Blue whale song, recorded in northeastern Pacific ocean (from Wikipedia)

This is the point at which my brain really explodes, swamped with notions from within and beyond the human world of creatureliness, mightiness, and grace — and possibility.  So much of spiritual and political life and practice involves making space to let the big things move on their own terms and their own time, to let Gandhian “soul force” operate, even if its timetable is more vast than any we can see.  Life itself began in a soup of small particles swarming and teeming with possibility.  What makes them knit together like Ezekiel’s dry bones, stirring and clattering with sudden creaturely life?  From whence does this whole vast miracle spring?  It sounds like Milton, like Beethoven, in your mind when you think of it.  And like something for which there is no sound, no explanation, no language beyond wonder.
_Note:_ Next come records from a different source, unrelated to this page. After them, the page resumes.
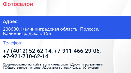 Фотосалон по адресу 238630, Калининградская область, Полесск, Калининградская, 15Б в дальнейшем Организация, размещена в следующих категориях:
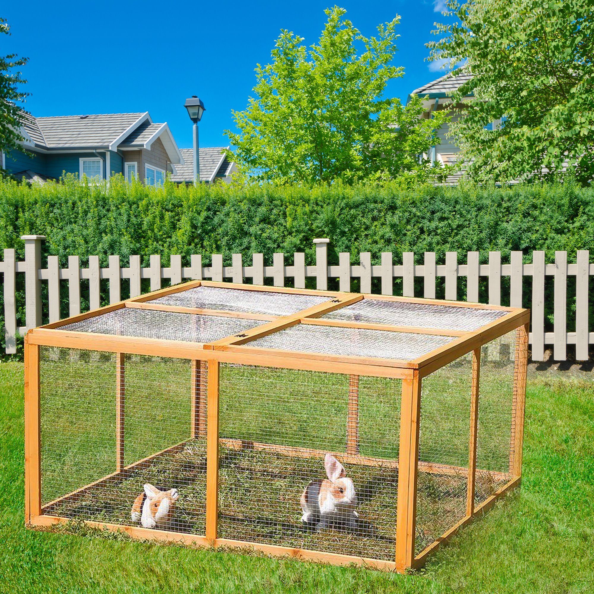Dieses Freilaufgehege besteht aus einer Holz-Gitter-Konstruktion, die sich schnell und einfach im Garten aufstellen läßt. Es wird komplett mit einem halbseitig aufklappbaren Dach abgedeckt, welches zum einen das Herausspringen Ihrer Kaninchen verhindert und zum anderen als Schutz vor Räubern dient. Mit einer Размер von 1,2 x 1,2 m bietet das Gehege genügend Bewegungsfreiheit, um eine artgerechte Tierhaltung zu gewährleisten.
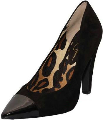点评:尖头高跟鞋已经被浅口尖头,并且是锥形鞋跟的高跟单鞋所取代,双重材质的拼接又成为一个时尚亮点。

Change happens, new life comes into being, even if only in the accretion of smaller efforts:  as Tim Flannery writes in the review cited above, “No less than the US Department of Agriculture warns that snails have been known to work together to escape their shipping crate while en route to a restaurant. As Bailey puts it, ‘With one purpose in mind, they join forces, push up with their muscular heads against the top of the crate, and pop the lid right off, gliding slowly but steadily toward freedom.’”  Small efforts add up.  Especially if we can create the space of silence, of expectancy, in which they can join.  In a famous passage from Dostoevsky’s The Brothers Karamazov, one brother constructs a fable in which the Grand Inquisitor — burning and punishing “heretics” in the name of God — lectures Jesus Christ himself, who has fallen into his hands, on why he must not be allowed to live.  Christ is too inherently disruptive, too irrespective of law and creed set up by the Inquisitor himself, and his Church.  For pages and pages, Christ listens silently to the speech.  Then still silent, he steps forward and kisses the Inquisitor on “his bloodless, ninety-year-old lips.  That is the whole answer.”

Sometimes the best thing to do to start down paths of change is to listen to mystery, as it already exists.  Silence and intention – particularly good intention – can have a gravitational power and mass of their own.  When you have decided, really decided, that something needs to happen for good in your life, it usually does.  Think of how your life changes when you make a decision like this.  A great stirring bump.  A glacier — in that resonant word — calving, birthing something new in your own life and mind.  Tectonic plates meet and clash, thrusting their meeting edges up as mountains.  And a new beast, a new type of reality and change, is born.

A new year is upon us, and — I hope — a new type of change.  Something is coming.  Something good.